[[ Task data, beginning ]]
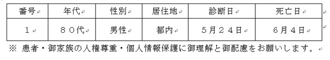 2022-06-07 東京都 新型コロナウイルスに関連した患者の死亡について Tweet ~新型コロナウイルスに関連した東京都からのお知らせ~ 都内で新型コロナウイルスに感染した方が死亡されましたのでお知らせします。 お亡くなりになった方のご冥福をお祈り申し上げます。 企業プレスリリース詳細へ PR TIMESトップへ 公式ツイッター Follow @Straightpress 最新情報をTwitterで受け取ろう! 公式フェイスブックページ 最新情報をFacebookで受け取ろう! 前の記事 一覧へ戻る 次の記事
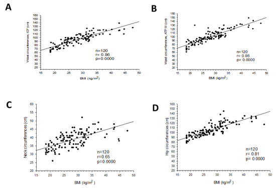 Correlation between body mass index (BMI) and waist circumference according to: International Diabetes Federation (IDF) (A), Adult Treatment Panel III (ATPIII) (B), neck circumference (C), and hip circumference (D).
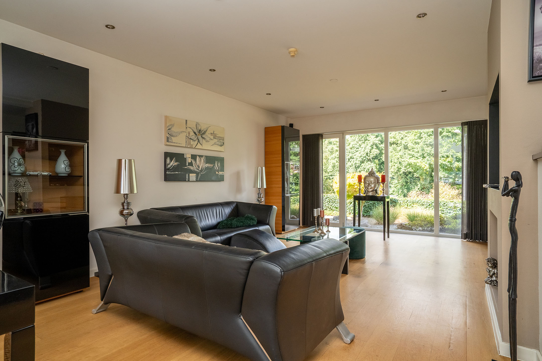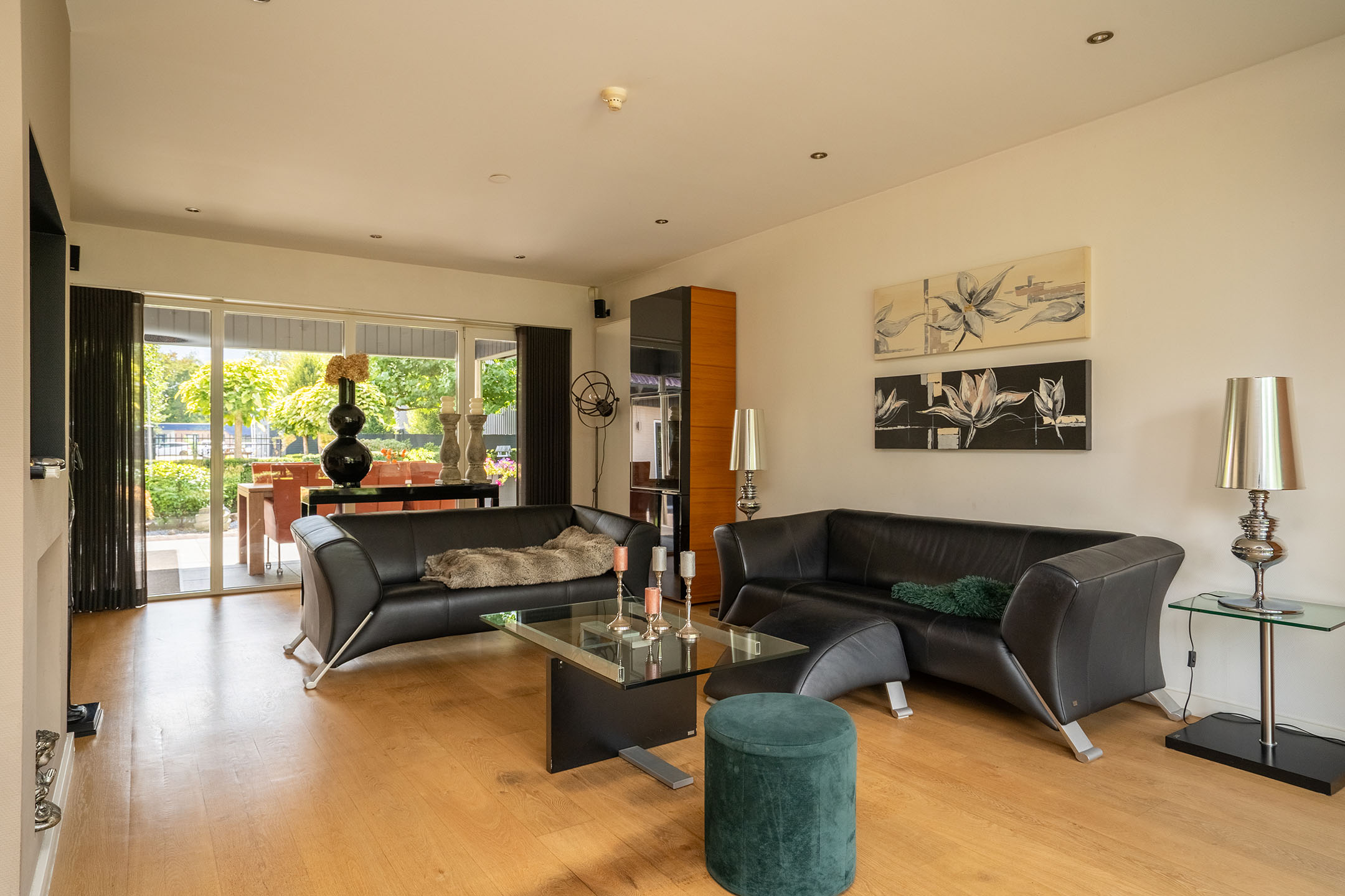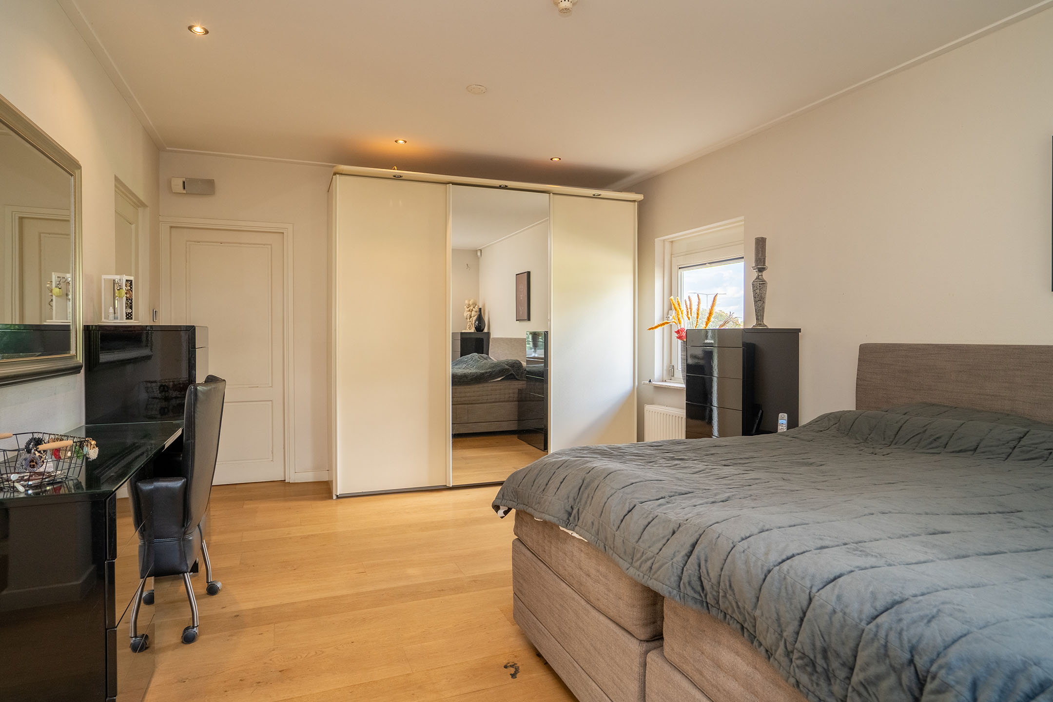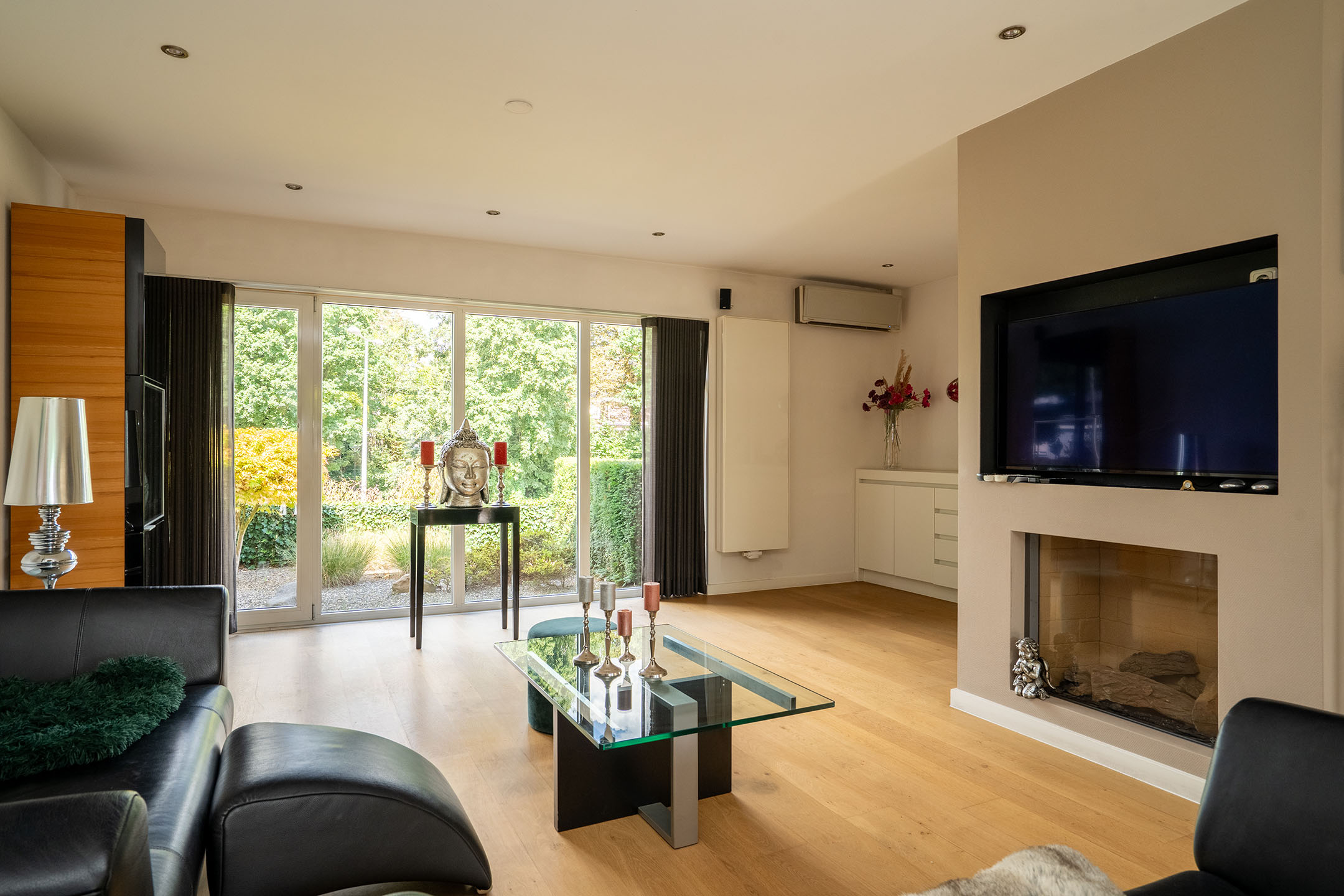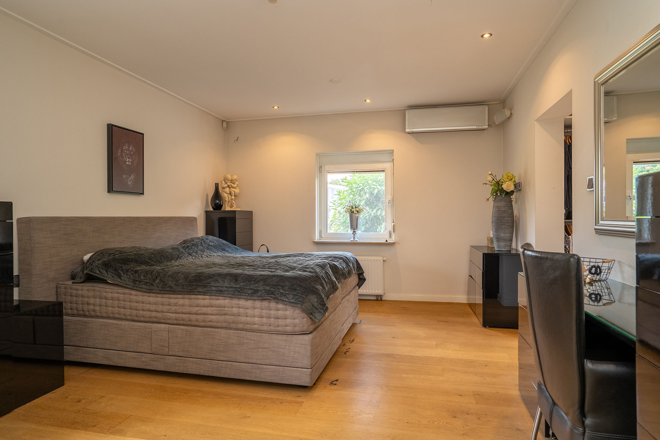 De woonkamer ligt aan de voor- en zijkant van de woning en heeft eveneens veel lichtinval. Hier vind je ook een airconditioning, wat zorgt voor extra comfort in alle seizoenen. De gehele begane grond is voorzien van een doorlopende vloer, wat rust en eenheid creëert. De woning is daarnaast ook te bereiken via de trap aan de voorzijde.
[[ Task data, end ]]
[[ Task data, beginning ]]
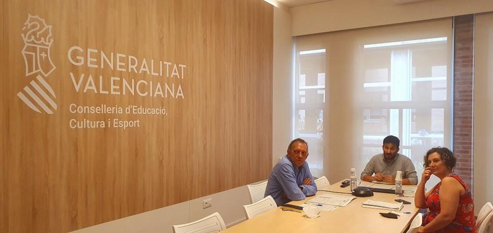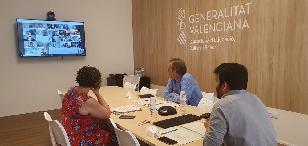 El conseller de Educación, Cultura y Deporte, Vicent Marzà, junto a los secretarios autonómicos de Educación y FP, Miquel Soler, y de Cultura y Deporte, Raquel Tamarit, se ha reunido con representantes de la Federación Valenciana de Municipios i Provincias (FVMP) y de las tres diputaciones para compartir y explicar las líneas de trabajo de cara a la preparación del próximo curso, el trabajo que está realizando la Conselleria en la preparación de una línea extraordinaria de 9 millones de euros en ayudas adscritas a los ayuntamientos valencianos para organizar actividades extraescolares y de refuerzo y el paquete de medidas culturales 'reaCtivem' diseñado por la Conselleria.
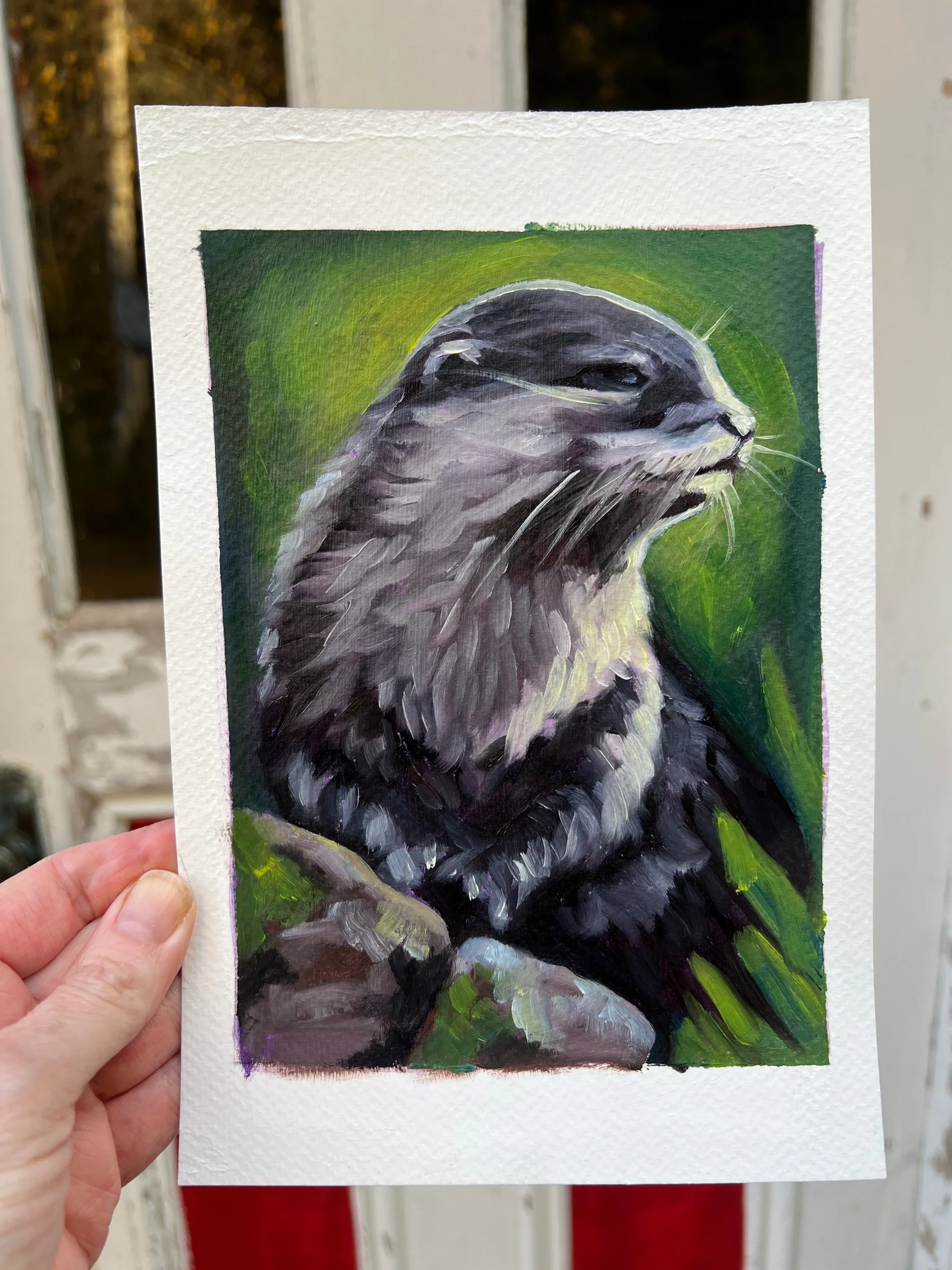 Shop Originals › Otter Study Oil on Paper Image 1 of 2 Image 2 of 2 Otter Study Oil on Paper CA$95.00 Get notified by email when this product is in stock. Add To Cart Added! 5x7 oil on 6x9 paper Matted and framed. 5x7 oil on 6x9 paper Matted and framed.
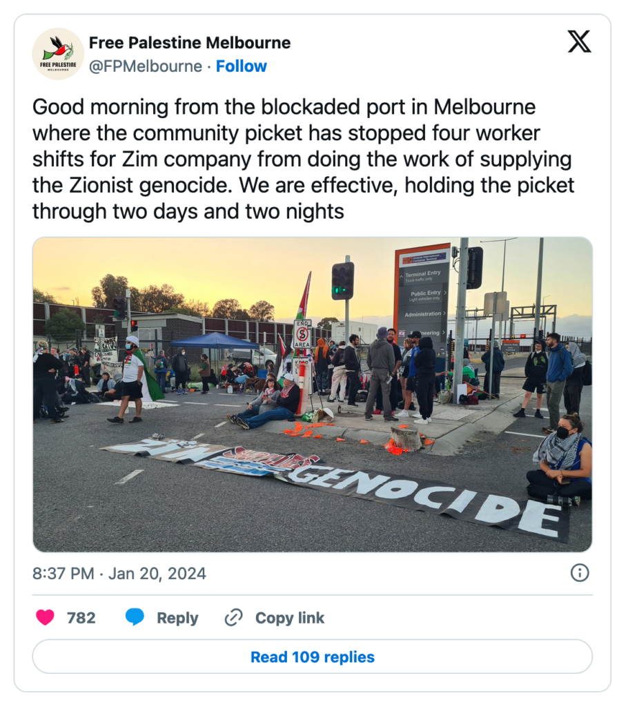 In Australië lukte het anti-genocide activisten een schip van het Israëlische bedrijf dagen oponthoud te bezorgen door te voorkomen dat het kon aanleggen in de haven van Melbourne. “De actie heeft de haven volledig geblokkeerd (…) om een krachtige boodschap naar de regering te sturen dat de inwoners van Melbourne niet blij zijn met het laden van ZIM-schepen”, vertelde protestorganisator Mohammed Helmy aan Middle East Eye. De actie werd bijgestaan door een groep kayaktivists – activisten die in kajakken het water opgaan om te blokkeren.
[[ Task data, end ]]
[[ Task data, beginning ]]
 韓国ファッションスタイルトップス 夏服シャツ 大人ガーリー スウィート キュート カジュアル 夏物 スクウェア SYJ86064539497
[[ Task data, end ]]
What to work on
In the data above, find the line containing "Correlation between body" and the line containing "De woonkamer ligt". Repeat those two lines and everything between them exactly, minus the pictures.

Solution for this problem
 Correlation between body mass index (BMI) and waist circumference according to: International Diabetes Federation (IDF) (A), Adult Treatment Panel III (ATPIII) (B), neck circumference (C), and hip circumference (D).
 De woonkamer ligt aan de voor- en zijkant van de woning en heeft eveneens veel lichtinval. Hier vind je ook een airconditioning, wat zorgt voor extra comfort in alle seizoenen. De gehele begane grond is voorzien van een doorlopende vloer, wat rust en eenheid creëert. De woning is daarnaast ook te bereiken via de trap aan de voorzijde.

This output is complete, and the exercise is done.